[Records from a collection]

┏━━

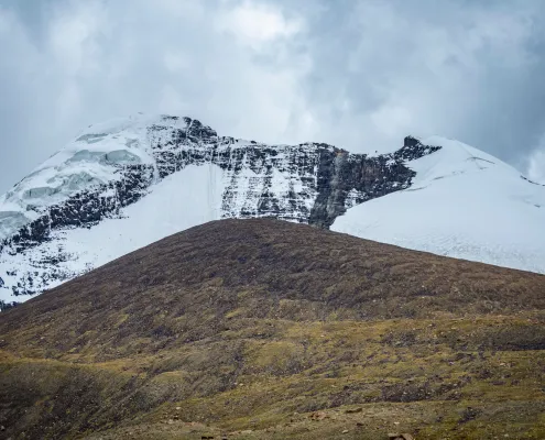 This climb includes high-altitude trekking trails, rocky slopes, glacier travel, snow-covered slopes, and exposed summit sections. The final summit push involves steep snow and ice terrain, where crampons and an ice axe are used.
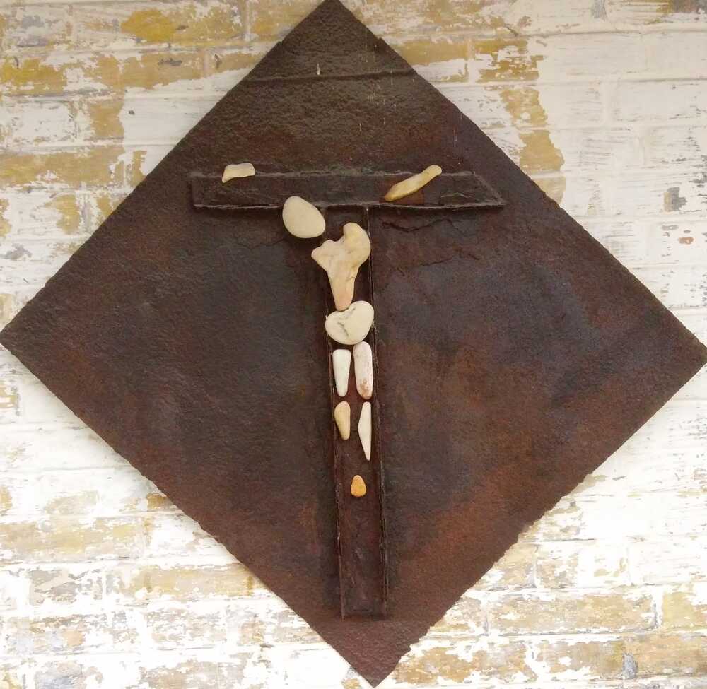 Ein alter verrosteter Kanaldeckel galt als Inspiration für dieses Werk. Mit gefundenen Steinen vom Meer ist dieser Gekreuzigte entstanden.
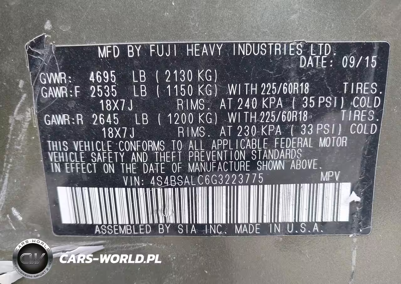 IAAI Nr: I-44677144 VIN: 4S4BSALC6G3223775 Port: Elizabeth, NJ
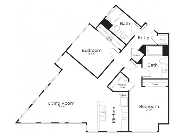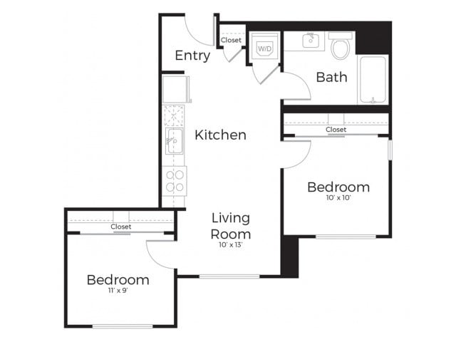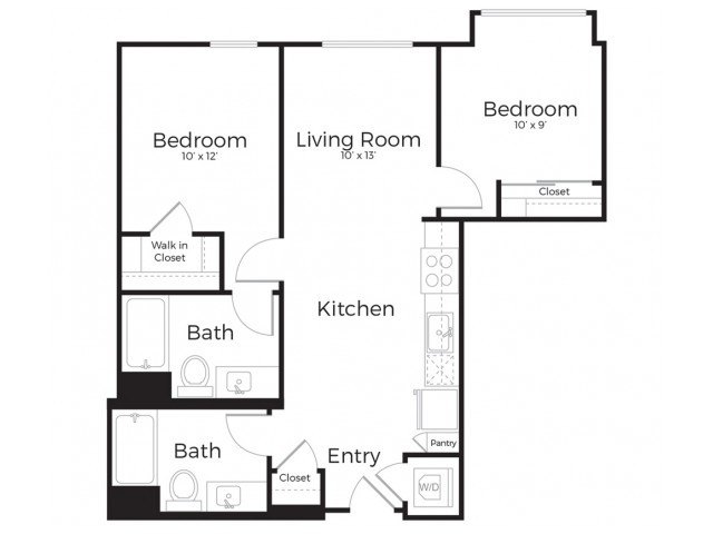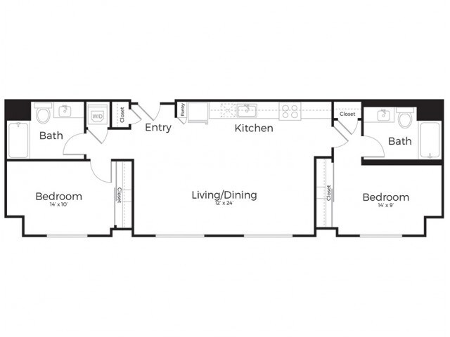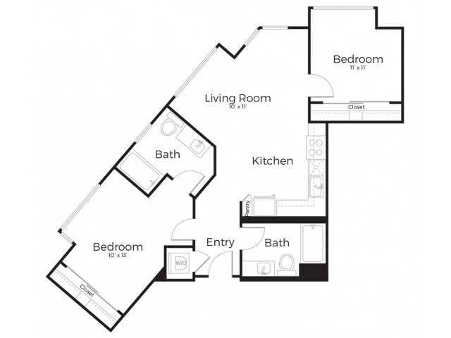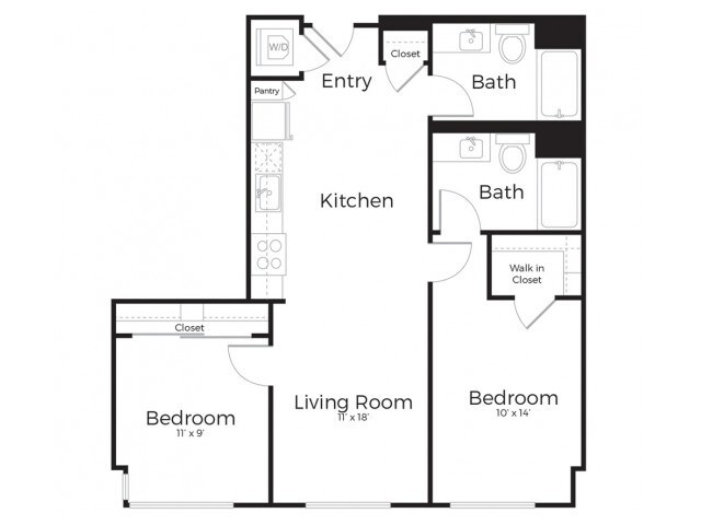 Modelo de apartamento: 2F2 Dormitorios, 2 Baños, 887-968 sq ftNo Disponible![]()
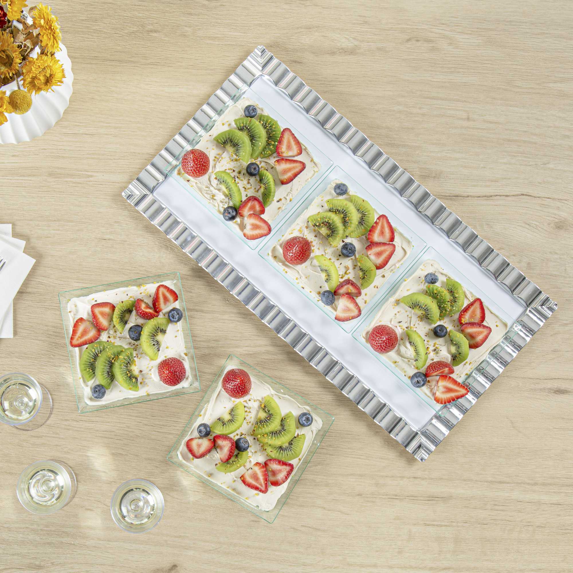- Raised edges carefully contain food, preventing appetizers from falling out
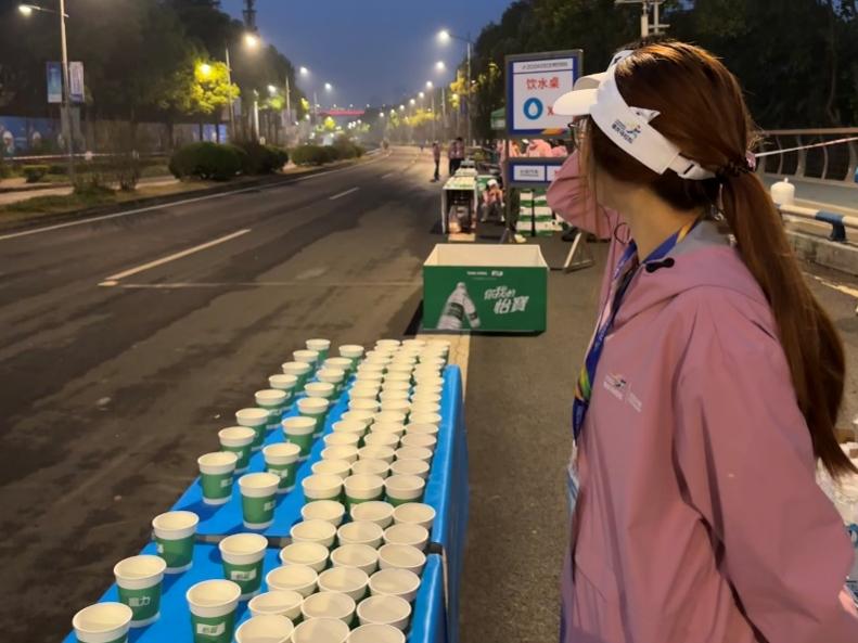 在本次赛事中,我院志愿者负责饮水饮料和吸水海绵的补给工作,他们按照要求提前将沾满水的海绵及装有运动饮料、矿泉水的纸杯有序地摆放在桌上供跑者取用,并及时补充物资,提供专业暖心的服务,同时送上一声声的“加油”和掌声鼓励,以饱满的状态让来自五湖四海的跑者们感受到重庆大学生的热情,彰显青春活力。
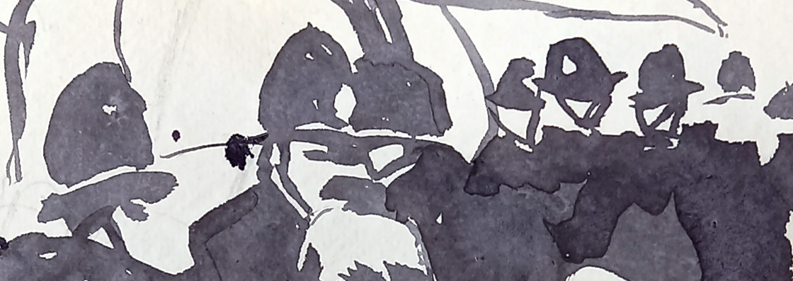 I’m doing some drawings for my next lino-print and today I was playing around with composition – just a quick brush and wash sketch to group lights and darks. I need more practice with police helmets!
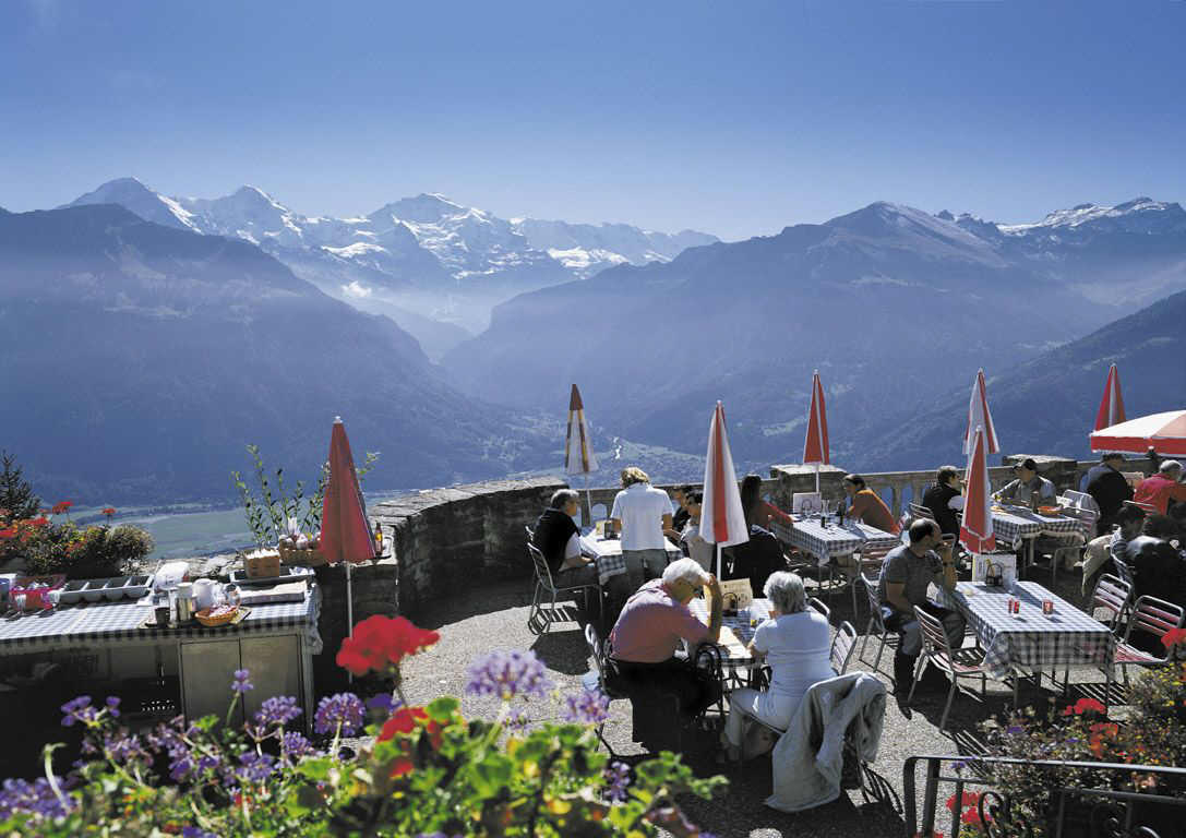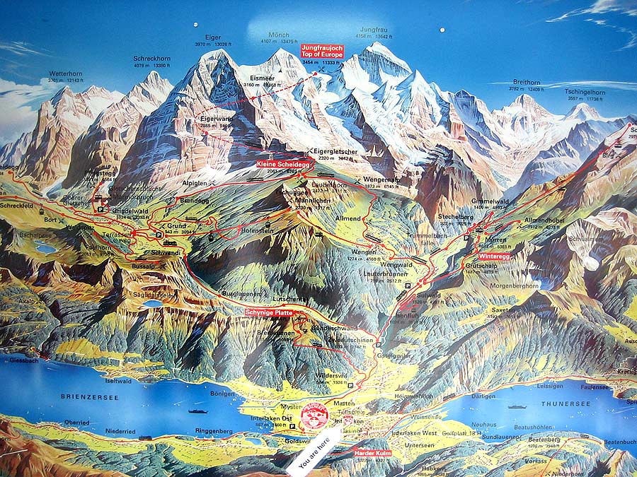 3. Harder Kulm - небольшая экскурсия до бельведера на высоте 1301 м, откуда открывается прекрасный вид на Альпы и два озера, Тун (Thun) и Бринц (Brienz). Добраться можно на фуникуллере от Interlaken East за 25 франков. Дорога займет около 15 минут. Отправление каждые пол часа с мая по октябрь, с 9 утра до 18 вечера. Наверху есть ресторанчик.
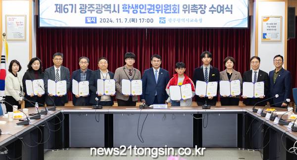 광주시교육청은 지난 7일 중회의실에서 ‘제6기 광주광역시 학생인권위원’에 대해 위촉장을 수여했다.

┗━━

## Task item:
All records are to be reproduced exactly; the pictures are to be omitted.

## Response to the exercise:
 This climb includes high-altitude trekking trails, rocky slopes, glacier travel, snow-covered slopes, and exposed summit sections. The final summit push involves steep snow and ice terrain, where crampons and an ice axe are used.
 Ein alter verrosteter Kanaldeckel galt als Inspiration für dieses Werk. Mit gefundenen Steinen vom Meer ist dieser Gekreuzigte entstanden.
 IAAI Nr: I-44677144 VIN: 4S4BSALC6G3223775 Port: Elizabeth, NJ
 Modelo de apartamento: 2F2 Dormitorios, 2 Baños, 887-968 sq ftNo Disponible![]()
- Raised edges carefully contain food, preventing appetizers from falling out
 在本次赛事中,我院志愿者负责饮水饮料和吸水海绵的补给工作,他们按照要求提前将沾满水的海绵及装有运动饮料、矿泉水的纸杯有序地摆放在桌上供跑者取用,并及时补充物资,提供专业暖心的服务,同时送上一声声的“加油”和掌声鼓励,以饱满的状态让来自五湖四海的跑者们感受到重庆大学生的热情,彰显青春活力。
 I’m doing some drawings for my next lino-print and today I was playing around with composition – just a quick brush and wash sketch to group lights and darks. I need more practice with police helmets!
 3. Harder Kulm - небольшая экскурсия до бельведера на высоте 1301 м, откуда открывается прекрасный вид на Альпы и два озера, Тун (Thun) и Бринц (Brienz). Добраться можно на фуникуллере от Interlaken East за 25 франков. Дорога займет около 15 минут. Отправление каждые пол часа с мая по октябрь, с 9 утра до 18 вечера. Наверху есть ресторанчик.
 광주시교육청은 지난 7일 중회의실에서 ‘제6기 광주광역시 학생인권위원’에 대해 위촉장을 수여했다.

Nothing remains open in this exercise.